What to work on:
Every line of the listing below is to be repeated exactly; the pictures stay out.

Information shown:
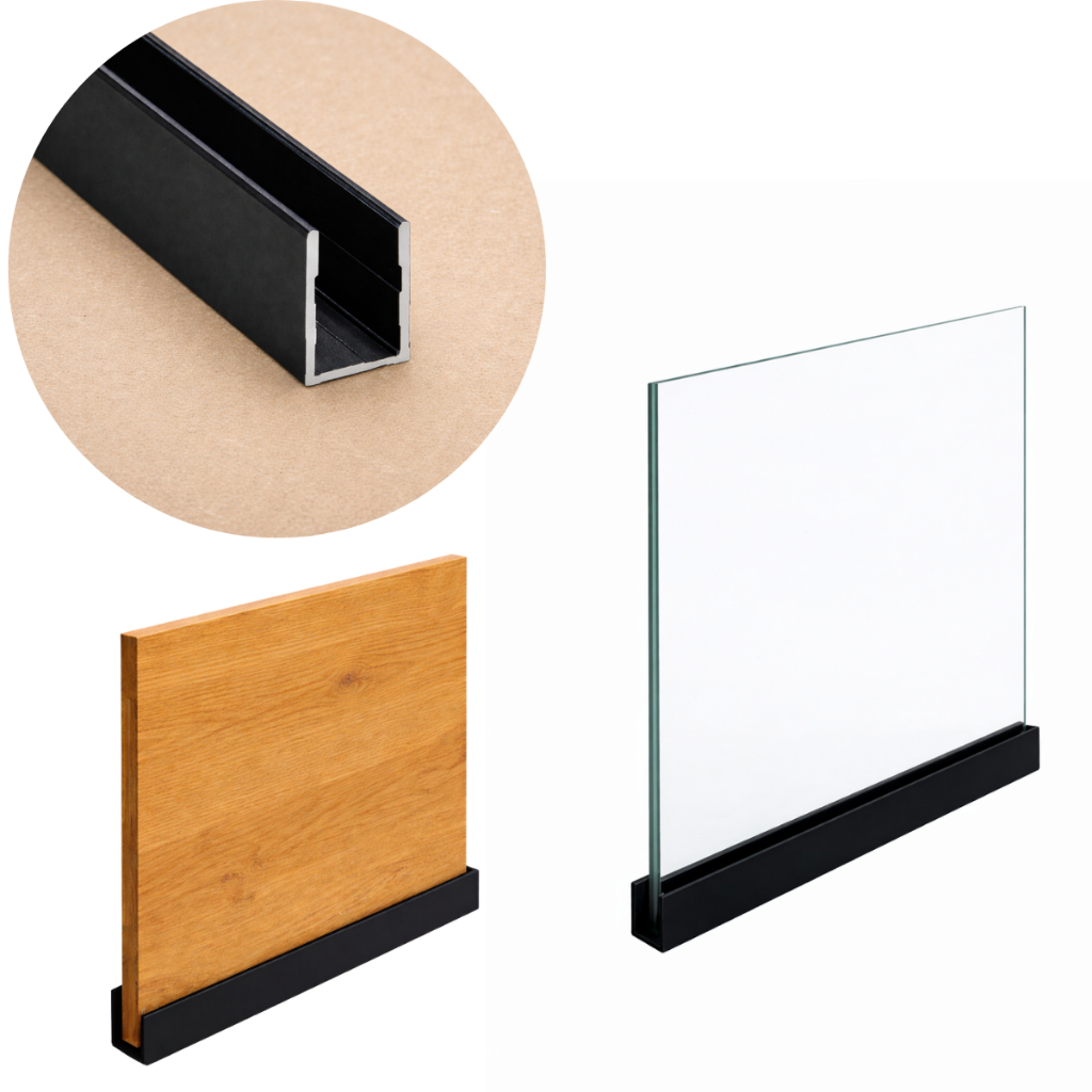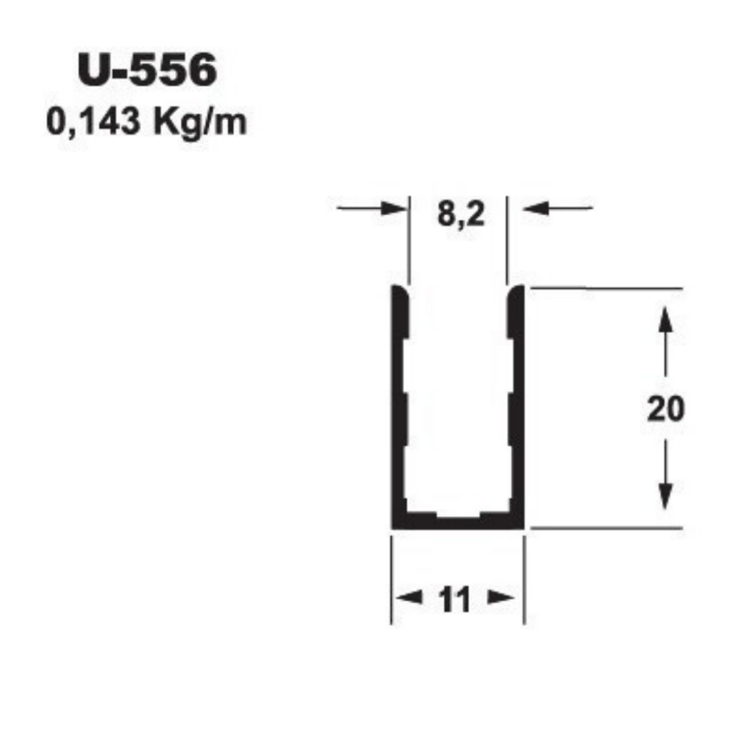 Perfil U De Alumínio Para Vidro de 8mm Madeira Reforçado Divisórias 1metro
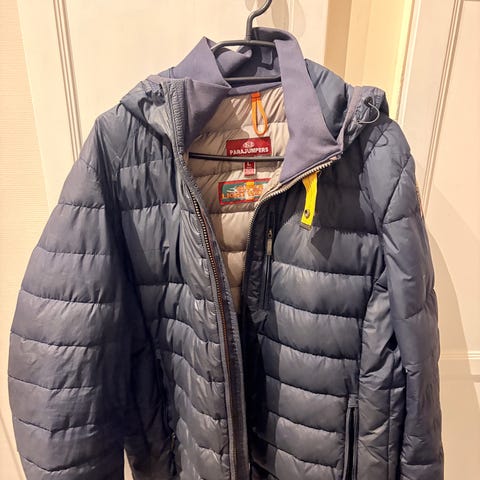 Pent brukt parajumpers jakke, har ikke bruksmerker. Hetten kan også brettes inn i kragen for en cleanere look.
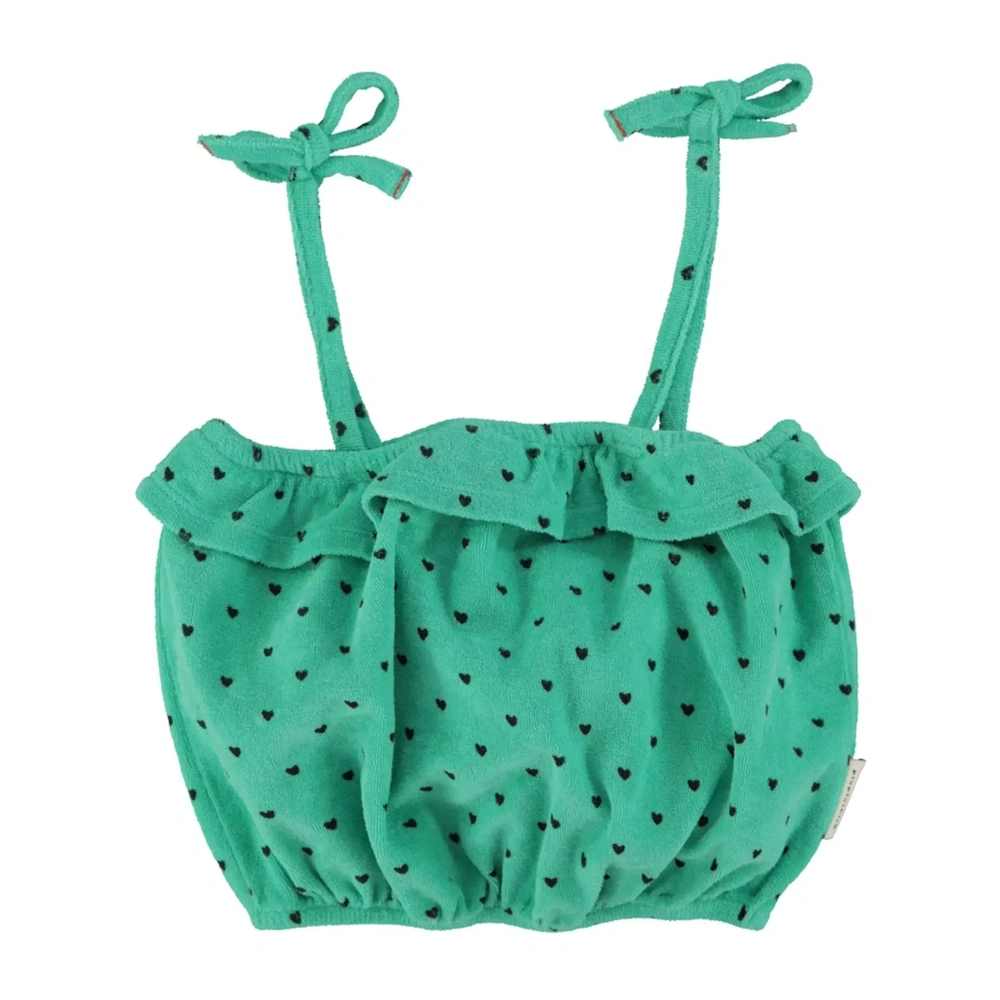 Top estival en coton éponge biologique, doux et respirant. Les bretelles fines, l’élastique et le volant sur la poitrine créent une silhouette légère et confortable.
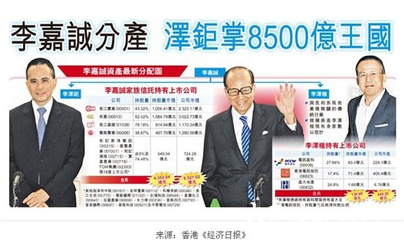 2012年5月,李嘉誠在出席旗下公司長江實(shí)業(yè)及和記黃埔股東大會后對外公布了家族資產(chǎn)分配計(jì)劃:將自己持有的超過四成的長江實(shí)業(yè)及和記黃埔股權(quán),以及約35.5%的赫斯基能源分配給長子李澤鉅,這一部分資產(chǎn)的市值約合2041億港元。而對于次子李澤楷,李嘉誠則稱將以現(xiàn)金方式全力幫助其收購心儀的目標(biāo)公司。
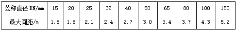 (1)管道固定牢靠,管道支架、吊架間的最大間距應(yīng)符合下表的規(guī)定:
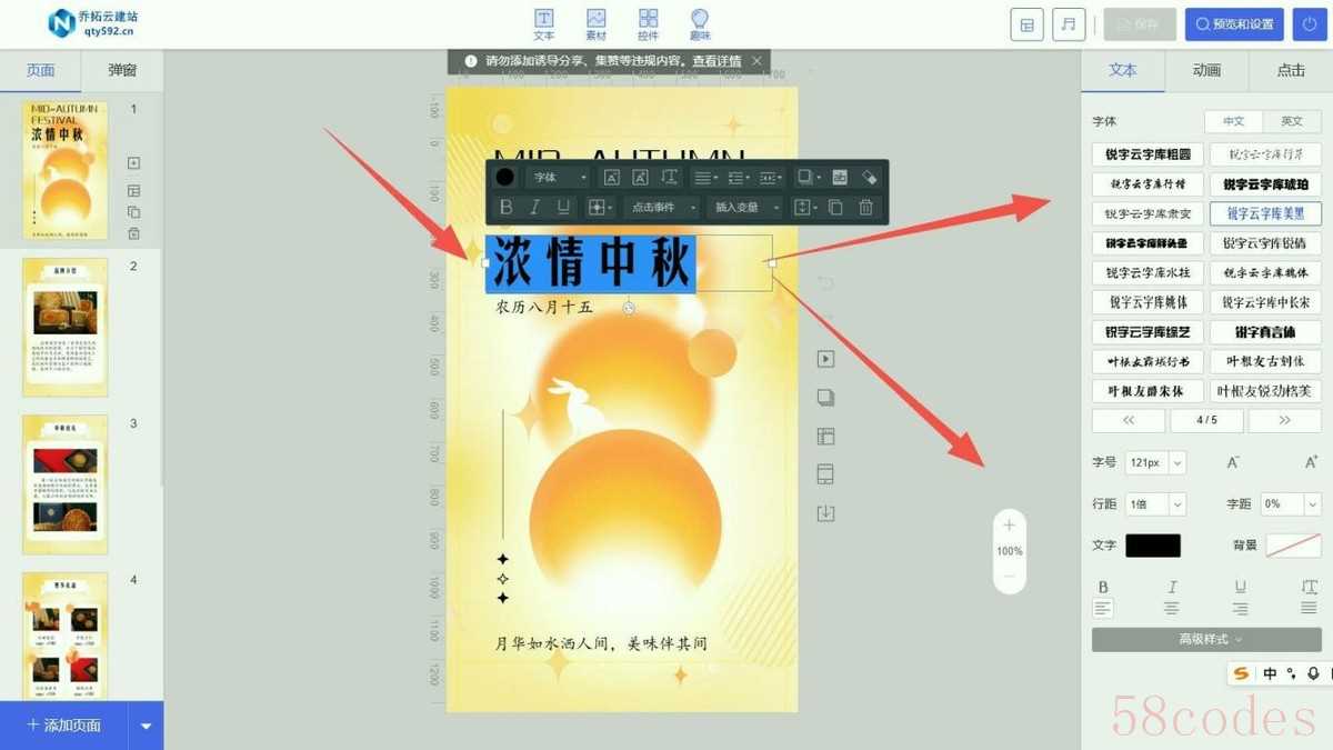 它的模板库是真的丰富,不管你是要做产品推广、活动函,还是企业招聘、节日贺卡,一搜就能找到对应的模板。打开工具选好模板,改内容特别简单:双击文字就能改文案,换字体、调字号在右边面板点几下就行;图片也能一键替换,既能传自己电脑里的图,还能直接用工具里的免费素材,不用再到处找图浪费时间。
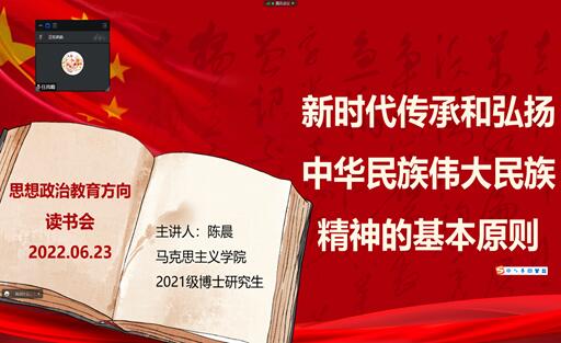 6月23日上午,思想政治教育方向读书会由班主任宋霞老师主持召开。本次读书会依托博士研究生“青蓝”线上学术论坛,围绕2021级博士生陈晨的学术汇报主题《新时代传承和弘扬中华民族伟大民族精神的基本原则》展开交流探讨,2021级全体硕士生在线参与讨论。
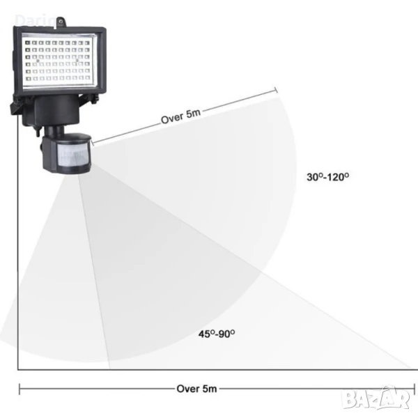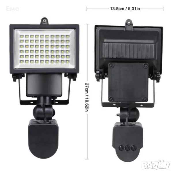 Соларен градински прожектор 60 LED и сензор за движение → Обява 47730085
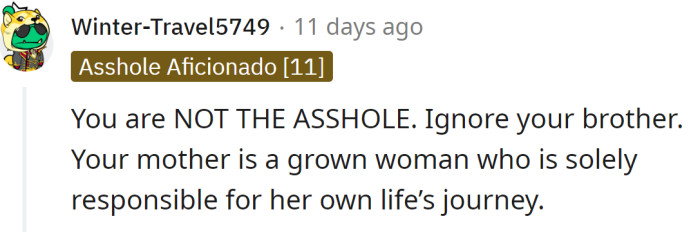 The OP Was Fine with Their Decision, but Their Brother's Comment Made Them Wonder Whether They Were Wrong:
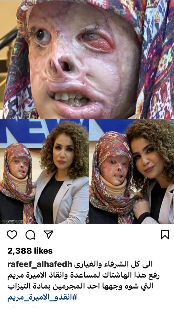 فقد تصدرت “الأميرة مريم” اهتمامات العراقيين على شبكات التواصل الاجتماعي، حيث أطلقوا حملة تضامن معها، فمنذ الخميس 16 ديسمبر/كانون الأول 2021، وحتى السبت 18 ديسمبر/كانون الأول، تصدّر وسم “#انقذوا_الاميرة_مريم” قائمة التغريدات الأكثر تداولاً في العراق.
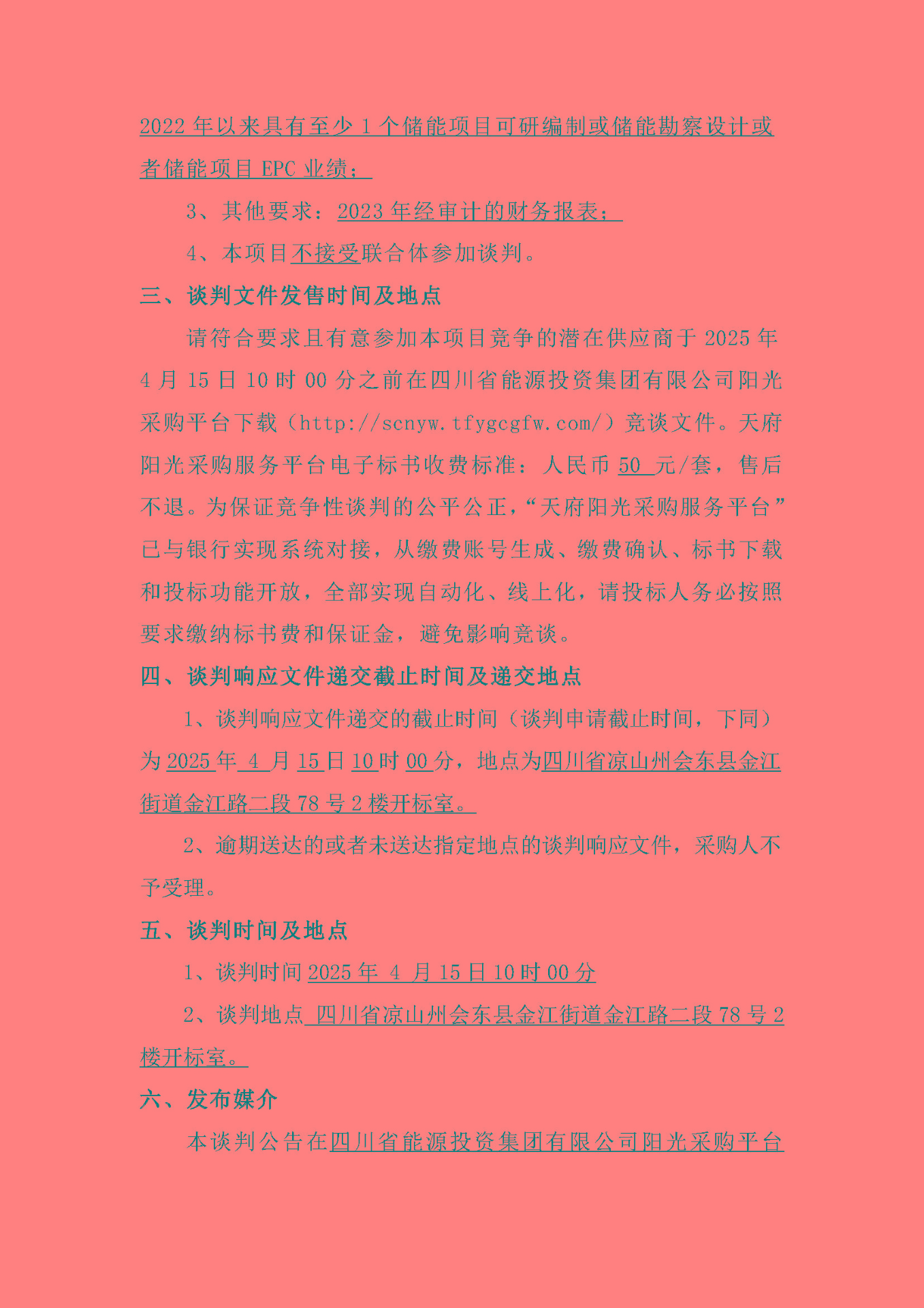 请符合要求且有意参加本项目竞争的潜在供应商于2025年4月15日10时之前在四川省能源投资集团有限公司阳光采购平台下载(http://scnyw.tfygcgfw.com/)竞谈文件。天府阳光采购服务平台电子标书收费标准:人民币50 元/套,售后不退。为保证竞争性谈判的公平公正,“天府阳光采购服务平台”已与银行实现系统对接,从缴费账号生成、缴费确认、标书下载和投标功能开放,全部实现自动化、线上化,请投标人务必按照要求缴纳标书费和保证金,避免影响竞谈。

Solved problem:
 Perfil U De Alumínio Para Vidro de 8mm Madeira Reforçado Divisórias 1metro
 Pent brukt parajumpers jakke, har ikke bruksmerker. Hetten kan også brettes inn i kragen for en cleanere look.
 Top estival en coton éponge biologique, doux et respirant. Les bretelles fines, l’élastique et le volant sur la poitrine créent une silhouette légère et confortable.
 2012年5月,李嘉誠在出席旗下公司長江實(shí)業(yè)及和記黃埔股東大會后對外公布了家族資產(chǎn)分配計(jì)劃:將自己持有的超過四成的長江實(shí)業(yè)及和記黃埔股權(quán),以及約35.5%的赫斯基能源分配給長子李澤鉅,這一部分資產(chǎn)的市值約合2041億港元。而對于次子李澤楷,李嘉誠則稱將以現(xiàn)金方式全力幫助其收購心儀的目標(biāo)公司。
 (1)管道固定牢靠,管道支架、吊架間的最大間距應(yīng)符合下表的規(guī)定:
 它的模板库是真的丰富,不管你是要做产品推广、活动函,还是企业招聘、节日贺卡,一搜就能找到对应的模板。打开工具选好模板,改内容特别简单:双击文字就能改文案,换字体、调字号在右边面板点几下就行;图片也能一键替换,既能传自己电脑里的图,还能直接用工具里的免费素材,不用再到处找图浪费时间。
 6月23日上午,思想政治教育方向读书会由班主任宋霞老师主持召开。本次读书会依托博士研究生“青蓝”线上学术论坛,围绕2021级博士生陈晨的学术汇报主题《新时代传承和弘扬中华民族伟大民族精神的基本原则》展开交流探讨,2021级全体硕士生在线参与讨论。
 Соларен градински прожектор 60 LED и сензор за движение → Обява 47730085
 The OP Was Fine with Their Decision, but Their Brother's Comment Made Them Wonder Whether They Were Wrong:
 فقد تصدرت “الأميرة مريم” اهتمامات العراقيين على شبكات التواصل الاجتماعي، حيث أطلقوا حملة تضامن معها، فمنذ الخميس 16 ديسمبر/كانون الأول 2021، وحتى السبت 18 ديسمبر/كانون الأول، تصدّر وسم “#انقذوا_الاميرة_مريم” قائمة التغريدات الأكثر تداولاً في العراق.
 请符合要求且有意参加本项目竞争的潜在供应商于2025年4月15日10时之前在四川省能源投资集团有限公司阳光采购平台下载(http://scnyw.tfygcgfw.com/)竞谈文件。天府阳光采购服务平台电子标书收费标准:人民币50 元/套,售后不退。为保证竞争性谈判的公平公正,“天府阳光采购服务平台”已与银行实现系统对接,从缴费账号生成、缴费确认、标书下载和投标功能开放,全部实现自动化、线上化,请投标人务必按照要求缴纳标书费和保证金,避免影响竞谈。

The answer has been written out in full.